Recently I was reading the OT Book of Amos. I ran across an interesting verse. The prophet says, “Therefore the prudent keep silent at that time, For it is an evil time” (Amos 5:13). Amos is saying that there are times when those who are wise do not speak. This occurs when it is “an evil time.”
Amos was a prophet to the northern Kingdom of Israel. Anyone familiar with the history of Israel knows that they quickly and deeply fell into sin. They were guilty of gross sexual immorality, murder, and idolatry. Amos stresses the fact that they were also guilty of many social ills, such as mistreatment of the poor. In fact, he points this out immediately before saying that at such times the wise keep silent (5:12). Amos was definitely living in an evil time.
But what does Amos mean when he says that at such times the wise are to remain silent? It is strange because Amos was not silent. He was speaking out against what he saw! Just a few verses earlier he said that the righteous were speaking out (5:10).
There are a couple of options.

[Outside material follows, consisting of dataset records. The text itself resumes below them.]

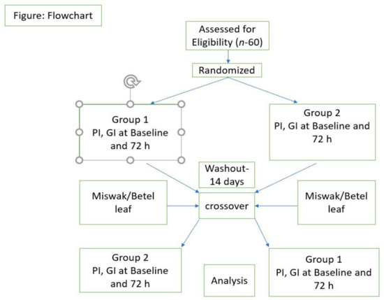 This crossover randomized single-blinded pilot study was conducted with a 20-day total examination period. The participants were informed in detail, and a signed agreement was acquired. A sample size of 60 patients with gingivitis (Score 1 in Gingival index; Loe and Sillness) was selected. Randomization was done by drawing lots into either test 1 (Dabur miswak, India) or test 2 (Betel leaf—Bentodent, India). To achieve blinding, serial opaque cardboard boxes with pre-assigned numbers corresponding to the lot randomization code were utilized to assign participants to their appropriate groups. After being assigned to their respective groups, the participants were blinded. On the first (baseline) day of the trial, all individuals were subjected to an oral examination. The baseline score was obtained for patients who met the inclusion criteria at the beginning of the study and followed-up throughout the study (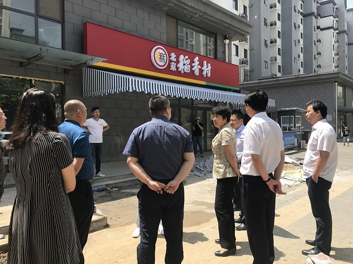 2017年6月5日,海淀區(qū)商委領(lǐng)導(dǎo)余主任在鎮(zhèn)黨委副書記尹剛的陪同下,再次來到六里屯社區(qū)檢查便民服務(wù)站商業(yè)項(xiàng)目建設(shè)進(jìn)展。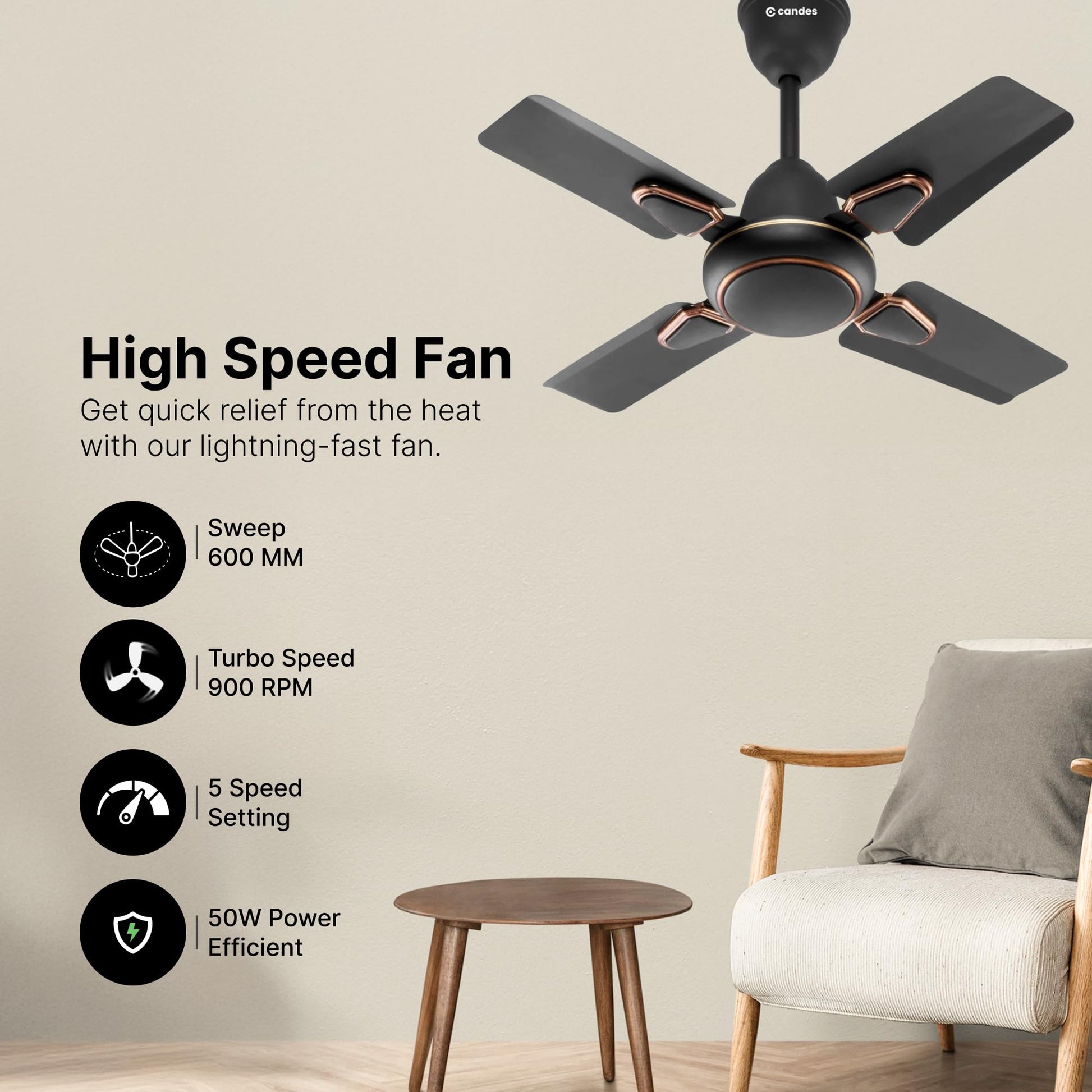 Candes Brio Turbo 600 mm / 24 Inch High Speed 4 Blade Anti-Dust Ceiling Fan Suitable for Kitchen/Veranda/Balcony/Small Room (Pack of 1,Smoke Brown)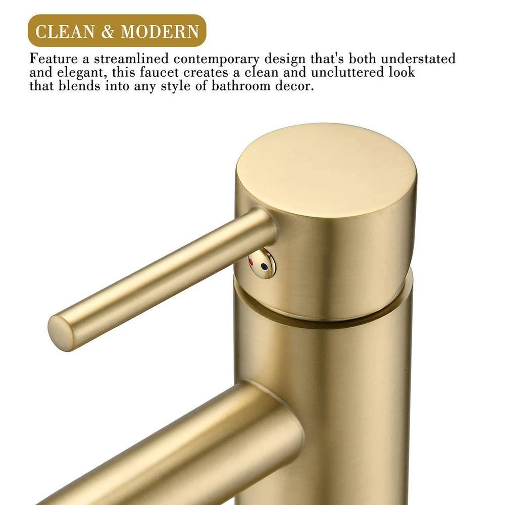 - Brushed gold bathroom faucet is suitable for single-hole sink or 3-hole sink for easy installation (include a deck plate)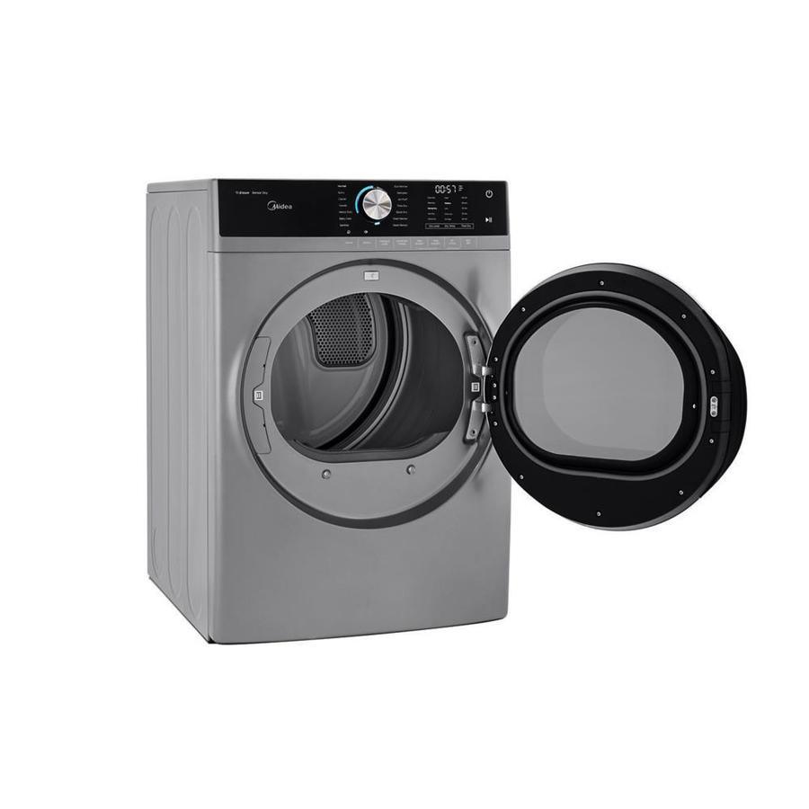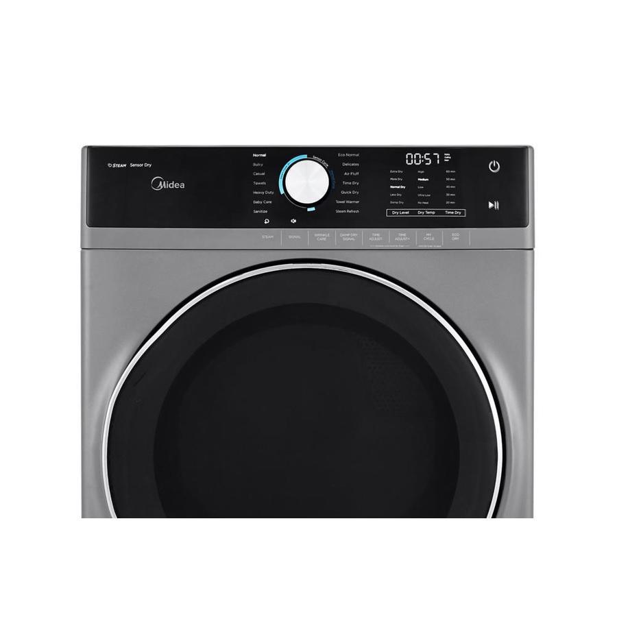 The 8.0 Cu ft capacity is the largest in a standard 27 in width; dry everything at once with the extra-large drum Pure steam built-in generator injects pure steam to reduce odors and static in your clothing Sensor dry detects when your clothes are dry and stops automatically saving energy My cycle lets you customize a preset cycle by modifying it to your need and store it so you can use it the next time you need it Steam refresh cycle quickly can refresh and fluff your fabrics reducing wrinkles and odors Lint filter indication notifies you when it is time to clean the filter Stackable for placement in laundry closets or tight spaces Reversible door can adjusted to open from the left or right for maximum placement versatility Midea is the world's #1 appliance producer

Based upon how the word “silent” is used in other contexts, we could say that there are times that even somebody like Amos would keep silent. There are occasions when the wise encounter people who are so hardened in sin that it is useless to speak to them. It is a waste of time to do so. Jesus appears to arrive at that point with certain Pharisees. He tells the disciples to ignore them, because they are blind leaders of the blind (Matt 15:14). Some people simply refuse to listen to the truth. Don’t waste your breath.
Have you ever encountered a situation like that? I think about the times when we present the gospel of grace to people who understand it but repeatedly reject it. I have found that in cases like this it is a waste of time to speak the truth.

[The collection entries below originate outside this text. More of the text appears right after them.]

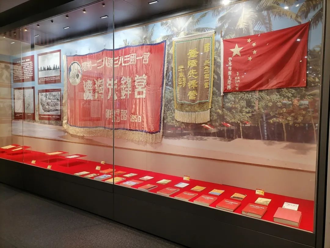 设计亮点 一是重点文物重点展示。例如采用独立玻璃柜+电动转盘展示“1949年周恩来送给王国兴的水烟筒”,此件文物摆放在参观路线的转角处,既能吸引观众目光,又可全方位欣赏文物全貌。二是展示相关书籍。如《琼岛星火》《琼崖纵队史》《黎族人民领袖王国兴》等经典研究著作,特别是《琼岛星火》系列刊物,资料翔实,第12期是“白沙起义专辑”,刊载了起义亲历者的回忆录。三是巧妙使用仿制品和复制品。为弥补展品的不足,仿制了多位领导人对白沙起义和王国兴等人主动寻找共产党的帮助这一历史事件的评价题词。同时,为了体现战斗条件的艰苦,在主题展标的两侧摆放复制的荔枝炮(海南地区特有的土武器,用荔枝木制造)。四是绘制“寻找共产党路线图”。策展团队通过重走当年起义代表寻找共产党的路线,采访当地老人,核实了资料记录中的地点,最终绘出了路线图,向观众展示起义代表寻找共产党的艰险历程。五是在展览结尾处摆放党旗和入党誓词,方便到馆参观的党员群众开展活动。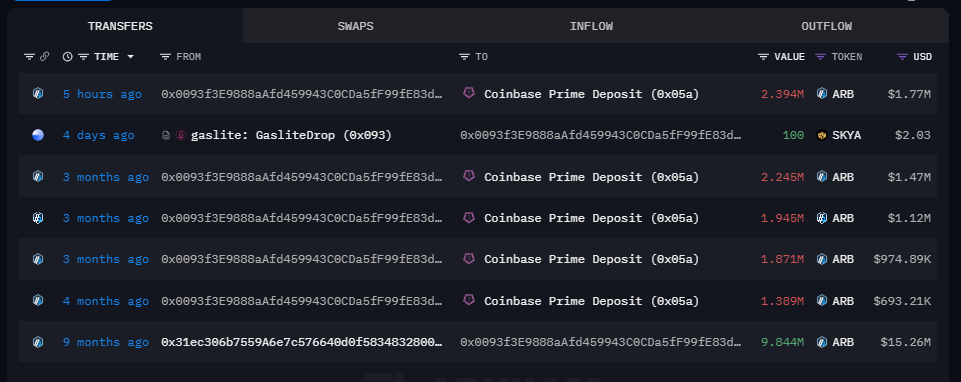 9 ay önce, bu cüzdan 9.844M adet ARB (15.26M dolar değerinde) aldı ve hepsini satış için Coinbase’e yatırdı.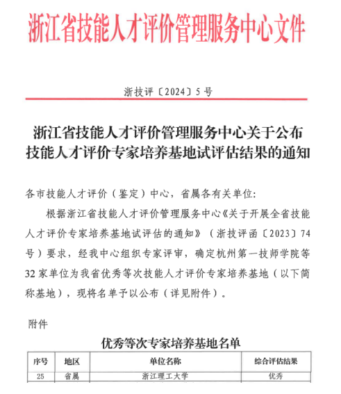 近日,浙江省技能人才评价管理服务中心公布了浙江省技能人才评价专家培养基地试评估结果,我校获浙江省优秀等次技能人才评价专家培养基地。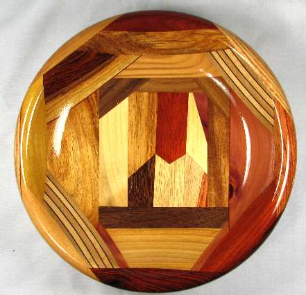 BOX: walnut on the bottom and both upper corners. left to right: pine, narra over wenge, two pieces of padauk over two pieces of prima vera, aromatic red cedar over pine over tulip with sapwood , mahogany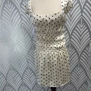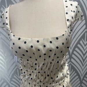 NWOT Princess Polly Evangelie Ruched Black and White Polka Dot Mini Dress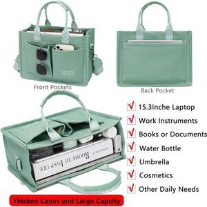Durabiliy and Large Capacity:Made of high-quality canvas and lining polyester fabric that is rugged,water-resistant,lightweight,and easy to clean.Perfect stitching help maintain its shape well even full loaded.Large capacity can fit 15.3" laptop or tablet and all your essentials,suitable for work,daily use,student and travel.
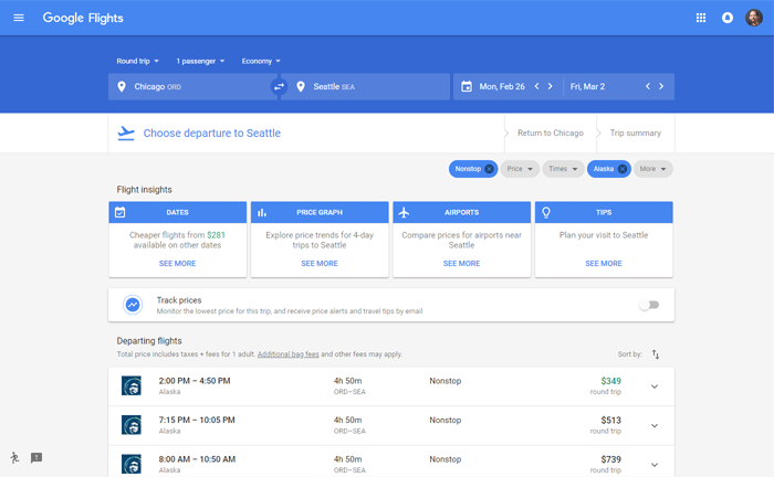 Click on one of these choices and you're taken to a completely redesigned Google Flights portal...

But the word “silent” here in Amos 5:13 can have other meanings. Perhaps Amos has in mind that in previous days, before the country had descended into such depravity, those who promoted righteousness were sought out. People wanted to know what they thought. But things had changed. Now, they were no longer interested. The advice of the wise was silenced.
I know that we are not Israel. And I know that the US has never been a Christian nation. However, I am old enough to remember a time when the teachings of the Bible were highly regarded in our nation, even by many unbelievers. But it appears today that as a people we have accepted sexual deviancy which mirrors that of the day of Amos. Nobody seems interested in what God has said about such things. Those who would point out the negative consequences of such actions on society are relegated to a position of silence.

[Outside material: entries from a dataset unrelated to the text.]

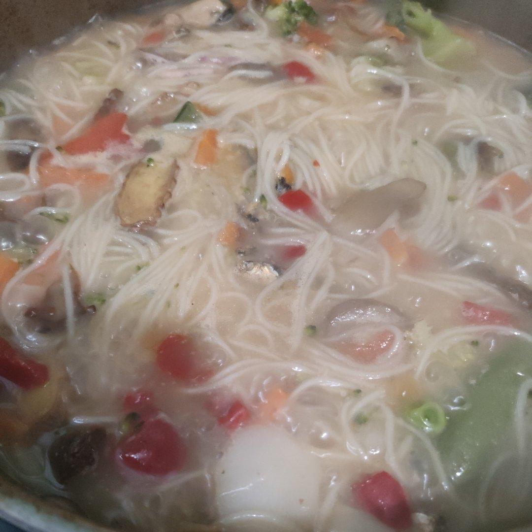加了蔬菜的海鲜面,用姜片和蘑菇熬的汤。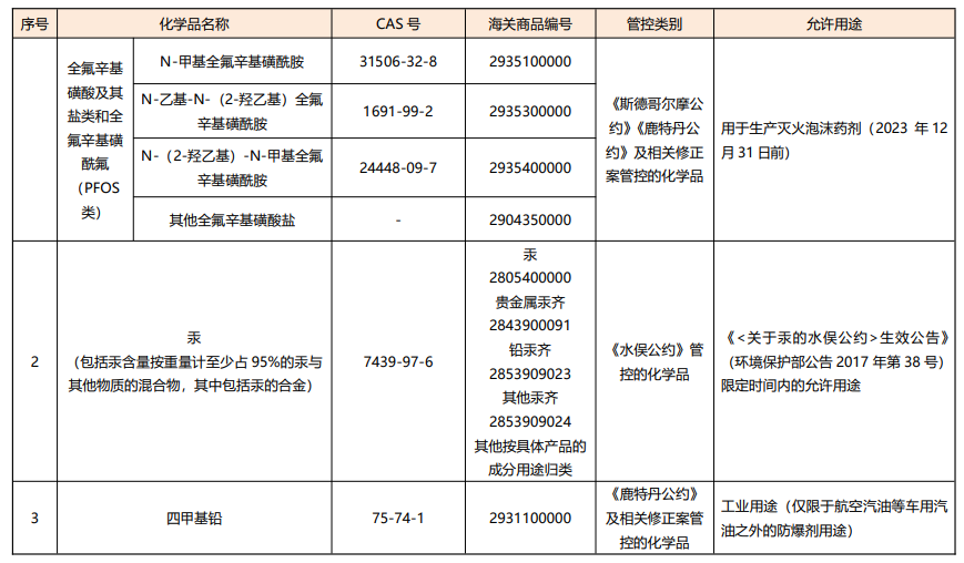 二是 删除我国已淘汰化学物质和已禁止用途。按照《斯德哥尔摩公约》履约进程和《清单》有关规定,删除了《名录》中六溴环十二烷,删减了全氟辛基磺酸及其盐类和全氟辛基磺酰氟(PFOS 类)的允许用途,仅保留了灭火泡沫药剂生产的用途。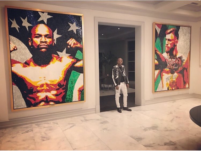 Одним из самых главных выгодоприобретателей стал Флойд Мейвезер, заработавший этим боем более 300 миллионов долларов. И вот во вторник на этой неделе Мейвезер разместил в своих социальных аккаунтах фотографию стены одной из комнат своего огромного дома в Беверли Хиллз. И мы видим, что большую часть этой стены занимают два огромных портрета, на одном из которых изображён Мейвезер, на другой никто иной, как МакГрегор.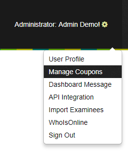 Step 1: Choose Manage Coupons from the Administrator dropdown.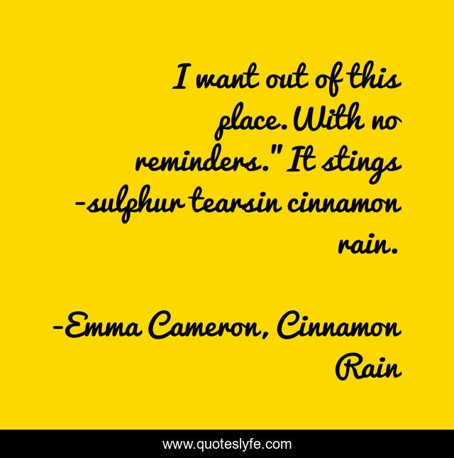 This page presents the quote "I want out of this place.With no reminders."It stings -sulphur tearsin cinnamon rain.". Author of this quote is Emma Cameron, Cinnamon Rain. This quote is about cinnamon-rain, tears, no-reminders, stings, want-out,.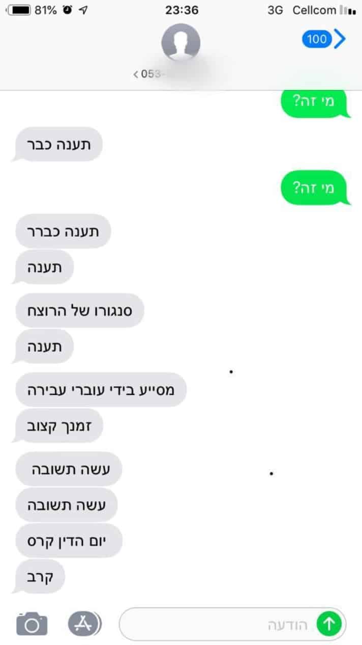 עו"ד מסר: "הלילה נחצו כל הקווים האדומים עת הושמעו איומים על חיי באמצעות הטלפון הנייד והובטח לי שזמני קצוב וזאת לאחר שכוניתי 'סנגורו של הרוצח' ו'מסייע בידי עוברי עבירה'. זוהי אך טעימה קטנה ממה שעובר על מרשי ומשפחתו בימים אלה ויש בכך כדי להאיר במקצת את הסיטואציה בפניה עמד מרשי בעת ששהה בחיק משפחתו בעת שנאלץ בלית ברירה לגונן על חייו וחיי משפחתו". לדבריו, הוא הגיש תלונה למשטרה.

Amos may also be referring to something else. To avoid trouble, sometimes it is best to remain silent. The wise man may be around people who are not going to change, and to speak out will result in negative consequences for the wise person. In our day, for example, it is almost always wise to keep silent at work over the moral issues of our day. Particularly if one works for the government in any capacity, to speak of Biblical righteousness and the wisdom of such righteousness can very easily result in one losing his or her job. Silence is often the best policy.
I am not exactly sure what Amos meant when he said the wise are to be silent in very evil times. To take it in the absolute sense would go against the teaching that we are to be witnesses for the Lord and to be light in the midst of the darkness around us. But Amos makes a good point. Even as witnesses of the truth, there are times it is best to keep our mouths shut.